Version 4: revised Jan 17th 2020 Includes: an option for drawing from the prior age distributions when resampling the sample ages, and the ability to specify the number of age parameters to be resampled (rather than just a fraction of ages).
Version 5: revised June 16th 2020 Includes: an option for using a uniform distribution for the intensity, rather than normal distributions.

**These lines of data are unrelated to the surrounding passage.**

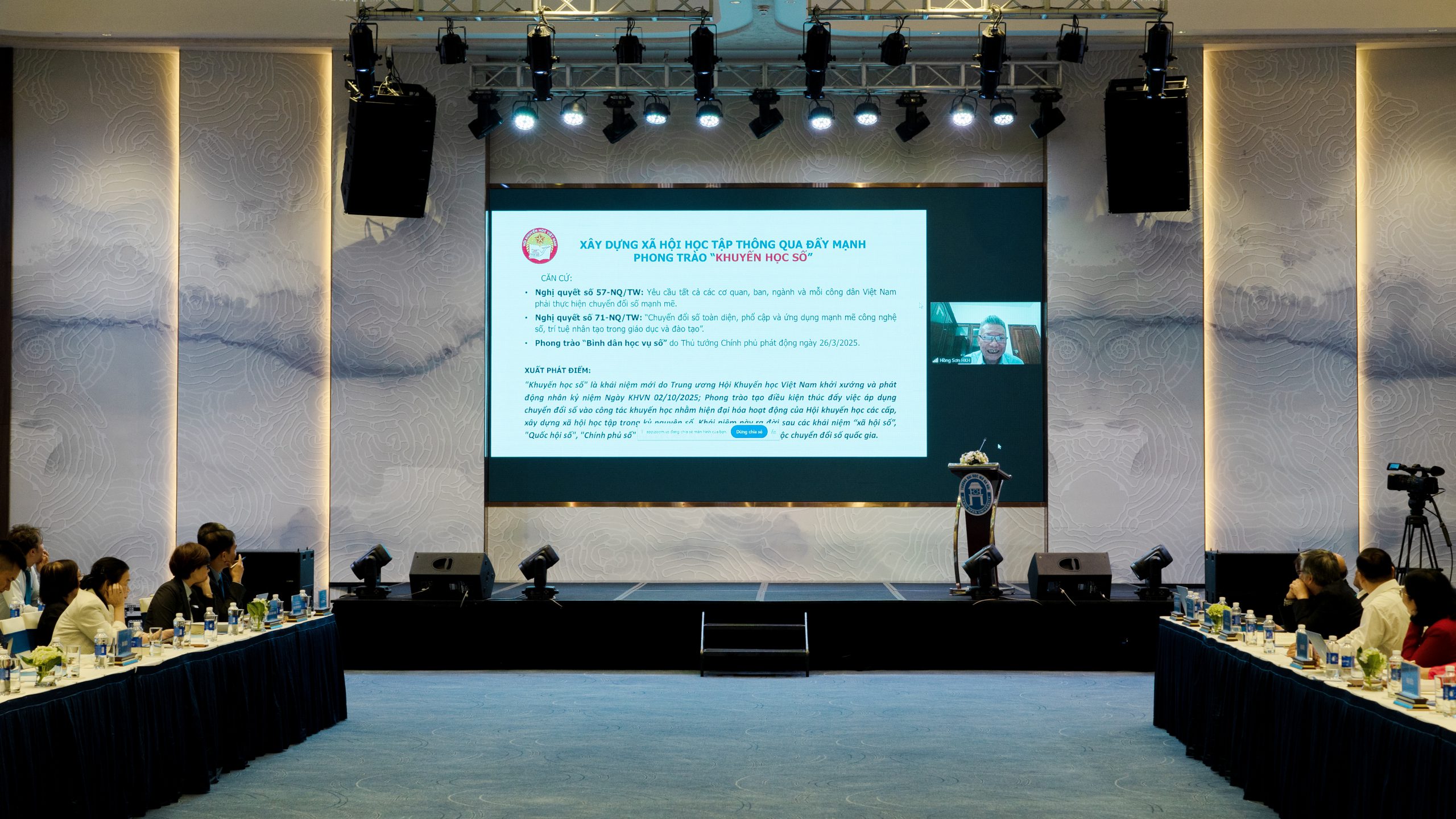 Đáng chú ý, TS. Nguyễn Hồng Sơn – Phó Chủ tịch Hội Khuyến học Việt Nam, trình bày tham luận “Xây dựng xã hội học tập thông qua đẩy mạnh phong trào: khuyến học số – khuyến học xanh”. TS. Nguyễn Hồng Sơn nhấn mạnh mối liên kết giữa chuyển đổi số và phát triển bền vững, khuyến khích các địa phương phát triển phong trào khuyến học gắn với các mục tiêu bảo vệ môi trường, tiết kiệm năng lượng và nâng cao nhận thức công dân số.
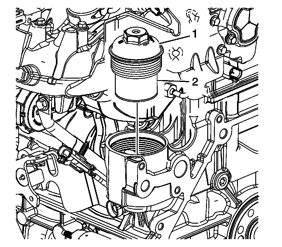 5. Use EN-44887 - wrench to Install a NEW oil filter (2) and a NEW seal and tighten the oil filter cap (1) to 22 Nm (16 lb ft).
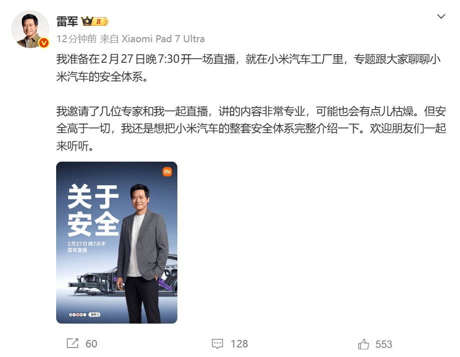 小米科技創始人雷軍近日宣布,將于2月27日晚7點30分通過直播平臺,在小米汽車工廠舉辦一場關于汽車安全體系的專題分享會。此次直播將聚焦小米汽車在安全領域的核心技術突破與系統設計理念,為公眾揭開其安全架構的研發邏輯。
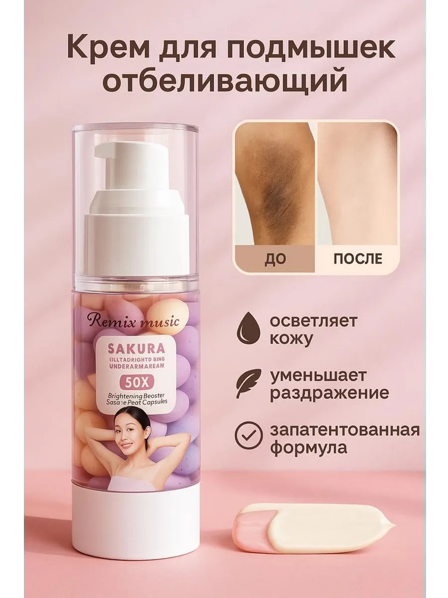 Крем для подмышек создан на основе экстракта сакуры и перламутровых капсул. Эффективно осветляет тёмные участки кожи, устраняет неприятный запах и ухаживает за кожей, делая её мягкой, гладкой и сияющей. Подходит для ежедневного использования утром и вечером.
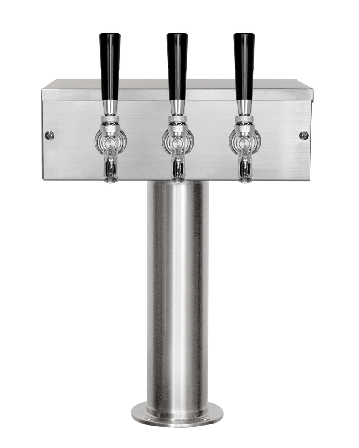 This Kegco TTOW-3F-SS T-Style Draft Beer Tower comes equipped with three beer line assemblies that can connect to all standard keg couplers. The 3" column matches up with most kegerator keg beer dispensers, making this an easy upgrade. The tower's polished stainless steel finish will look great with any appliance. The top is removable, allowing easy access to the rear of the draft beer shanks for any necessary maintenance.
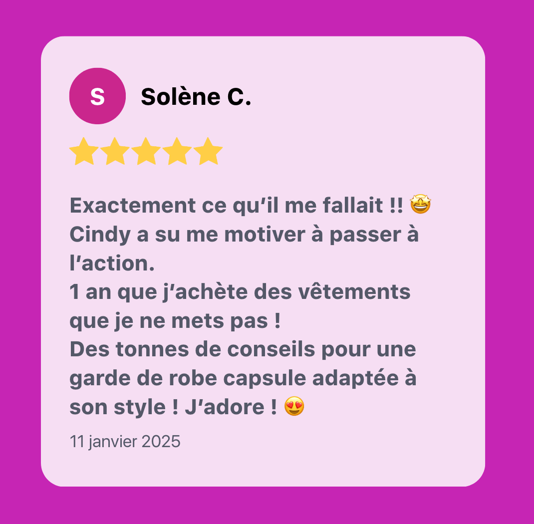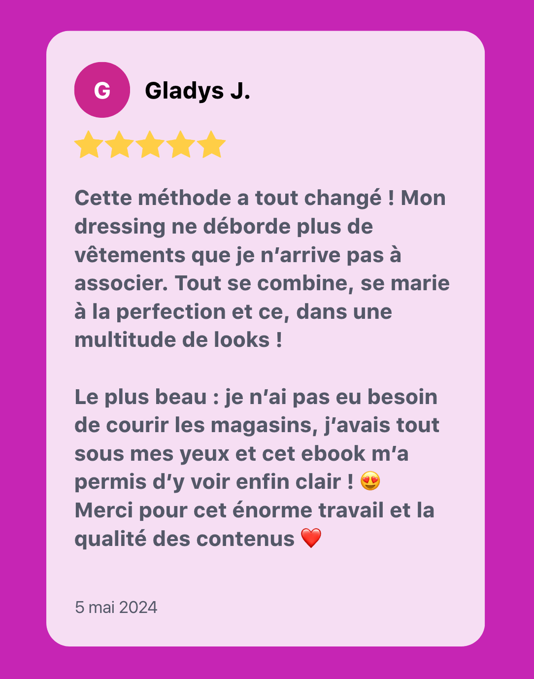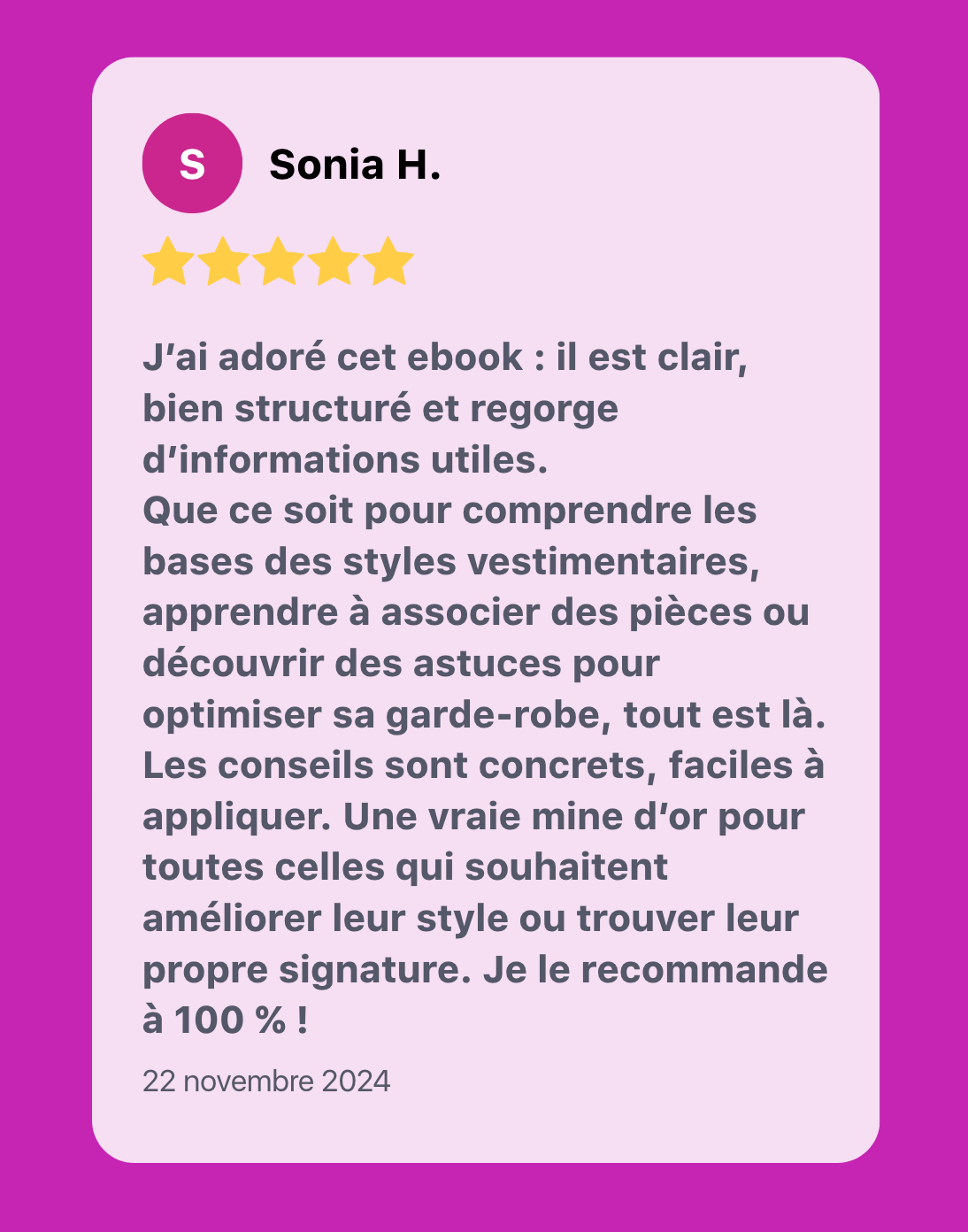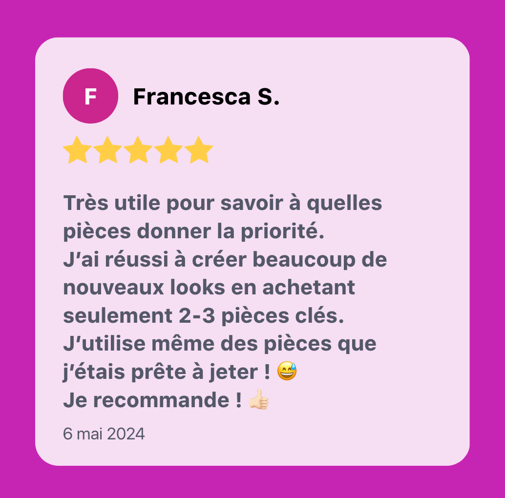 ✅ Tu n’as pas besoin de "talent" ou de "don pour le style". Tu suis une méthode pas à pas, pensée pour toi, et ça marche même si tu doutes ou si tu tu es perdue avec ton style.
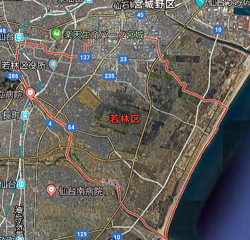 以下は仙台市若林区である。南には名取市、北には仙台市の宮城野区がある。
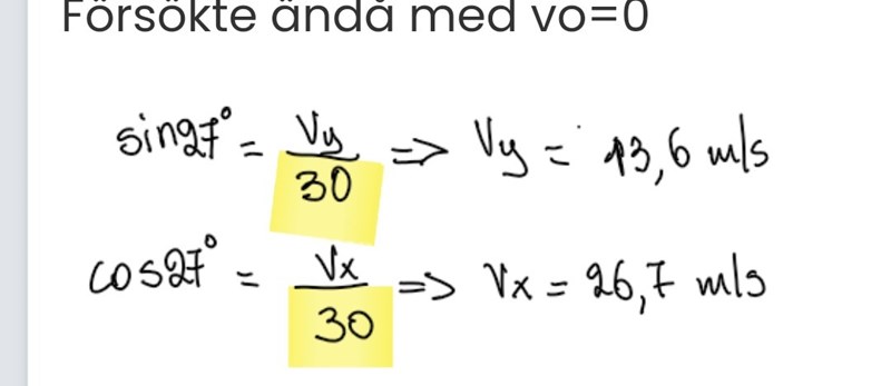 Du kan nu beräkna x- och y-komposanterna av denna urprungshastighet enligt
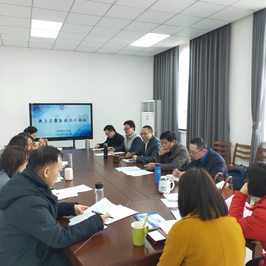 为进一步提高学院教学质量,加强同人漫画 教学质量监控,增强教师教书育人意识,同人漫画 于2022年3月4日下午在兴德楼516室召开本学期教学质量监控工作会议。同人漫画 院长唐艳芳、副院长喻锋平、副院长郭永恩、英语系专业负责人陶丹玉教授、督导组成员周红教授及督导组其他成员、各系部正副主任参加了会议。会议由副院长喻锋平主持。
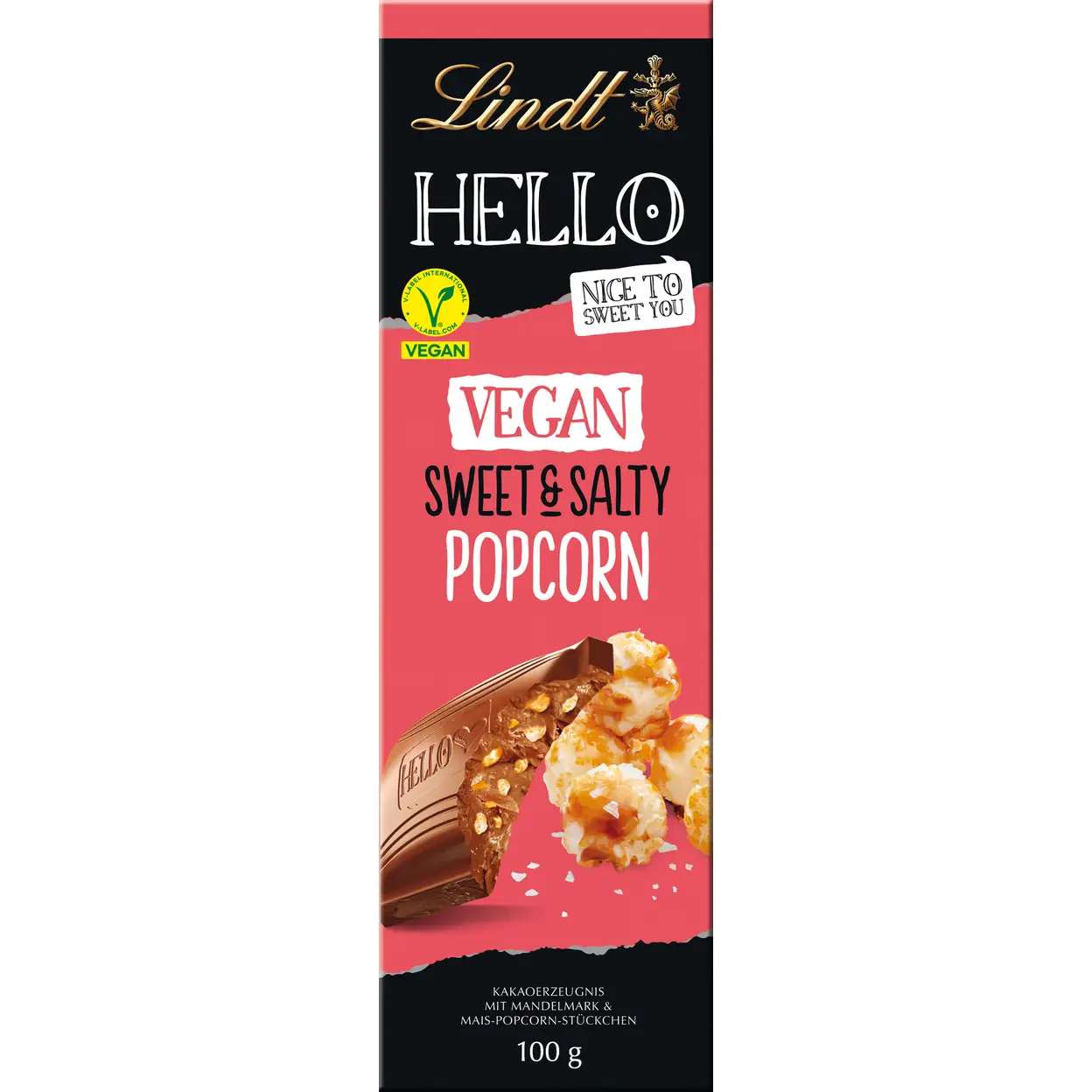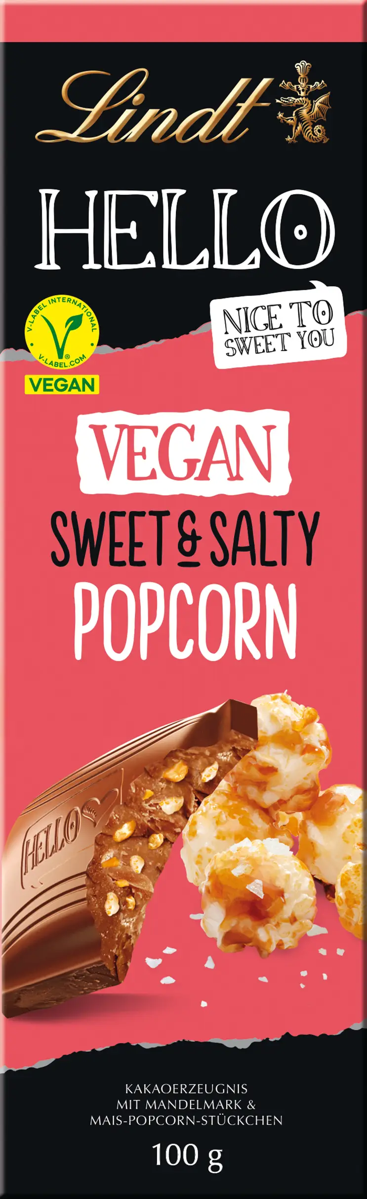 Lindt HELLO Tafel vegan sweet & salty popcorn, 100 g
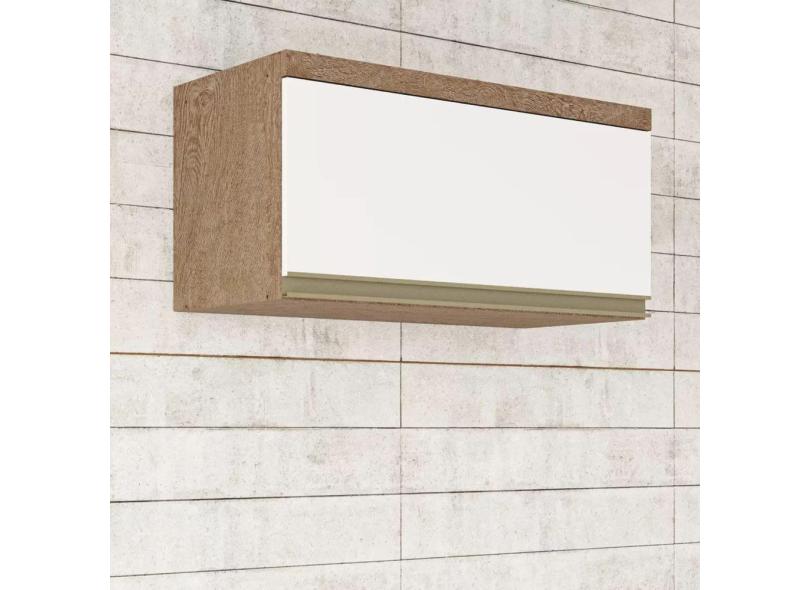 Armário Aéreo de Cozinha 80cm com 1 Porta Basculante 100% MDF Madri Castanho/Branco
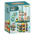 Комплектът включва рафт за магазин с размери 110 x 70 x 34 см, който осигурява много място за излагане на различни продукти. Цветовете на магазина са зелено и бежово, което му придава приветливо и реалистично излъчване. Рафтът е предназначен за поставяне на различни хранителни продукти и аксесоари.
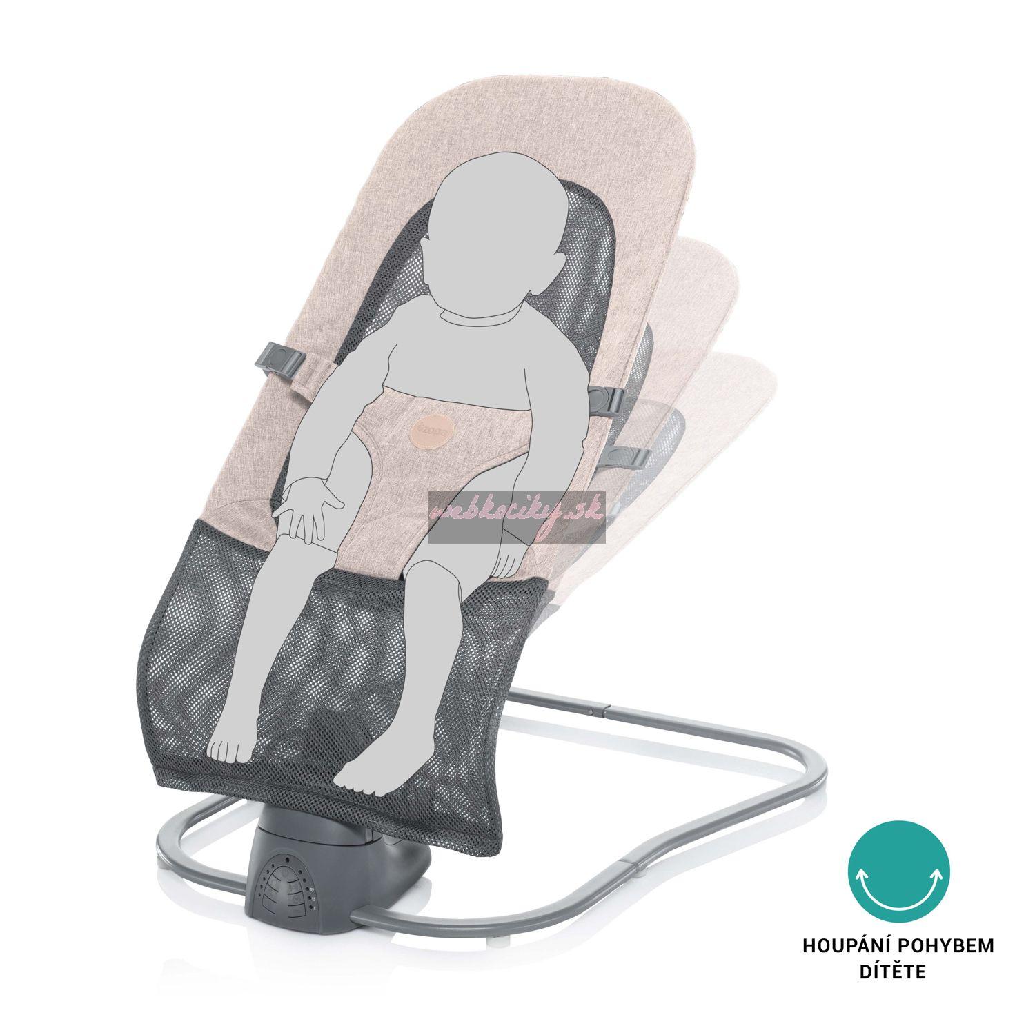 Opierka chrbta je nastaviteľná do 3 polôh podľa toho, či chce dieťa pozorovať svet okolo seba, alebo radšej spať. Systém hojdania je zabezpečený dvoma spôsobmi - prvý je nezávislý na elektrickej energii, pričom sa lehátko hojdá spolu s pohybmi dieťaťa, a druhý je pomocou elektromotora, ktorý hojdá lehátko do strán. Elektrické hojdanie má 5 druhov intenzity, ktorú si môžete ľubovoľne zvoliť podľa toho, čo je pre dieťa najpohodlnejšie.
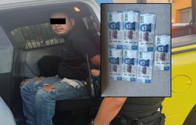 Un hombre fue detenido por oficiales de la Policía de Monterrey, cuando intentaba hacer dos depósitos con varios billetes apócrifos en una tienda de conveniencia Oxxo en la colonia Paseo de Cumbres.
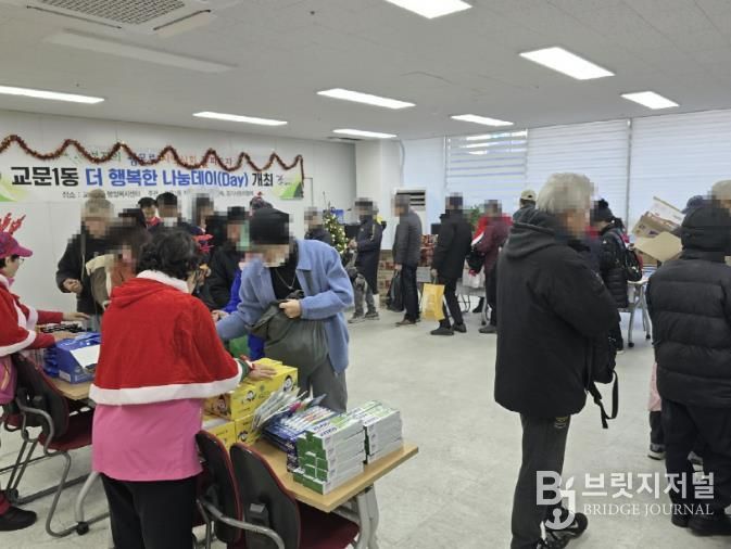 브릿지저널 김경미 기자 | 구리시 교문1동 지역사회보장협의체는 크리스마스를 맞아 지난 12월 24일 관내 청장년 1인 가구 100명을 대상으로 ‘더 행복한 나눔데이’를 개최했다.
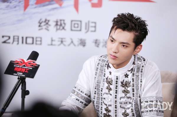 吴亦凡身穿宝姿Ports 1961 2017春夏系列衬衫出席电影《极限特工3》宣传
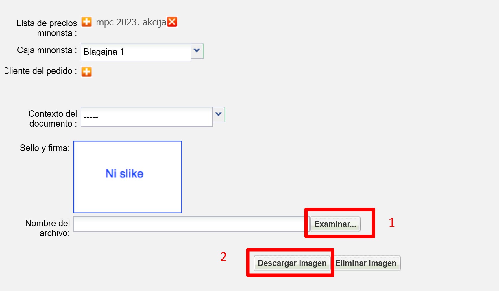 Pulse sobre el usuario. Seguidamente pulse sobre el icono del lápiz para editar, localice el recuadro para añadir el sello y la firma, clique en "Examinar" y después en " Descargar imagen".
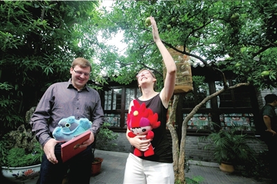 昨天,西城區(qū)旅游局為德國夫婦皮特和西蒙娜舉行了簡短的歡迎儀式,并向他們贈送奧運福娃和胡同游覽地圖。這對年輕的德國夫婦是本市首批入住奧運人家的外國游客。他們將在奧運人家居住五天,然后返回上海工作!
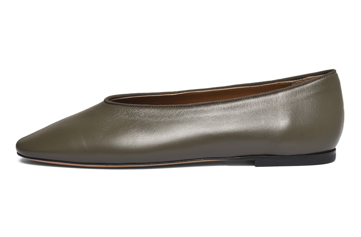 Taking cues from Italy’s rich history, these olive hued flats are inspired with 19th century footwear styles. Crafted from soft leather, they feature square toe silhouette with grosgrain complemented low cut vamp, barely-there sole and cushioned insole, which provides comfortable wearing experience.

Reproduces the outputs for the manuscript: "Archeomagnetic intensity variations during the era of geomagnetic spikes in the Near East".
Version 6: revised March 19th 2021 Includes: an option for linking stratified data sets
Authors: Phil Livermore (University of Leeds) Alex Fournier (Institut de Physique du Globe de Paris, Paris) Thomas Bodin (Universite Lyon, Lyon)
Maintained by Phil Livermore, Alex Fournier
Last update: March 19th 2021
AH-RJMCMC is an open-source Fortran code that computes a transdimensional posterior probability distribution of archeomagnetic intensity as a function of time.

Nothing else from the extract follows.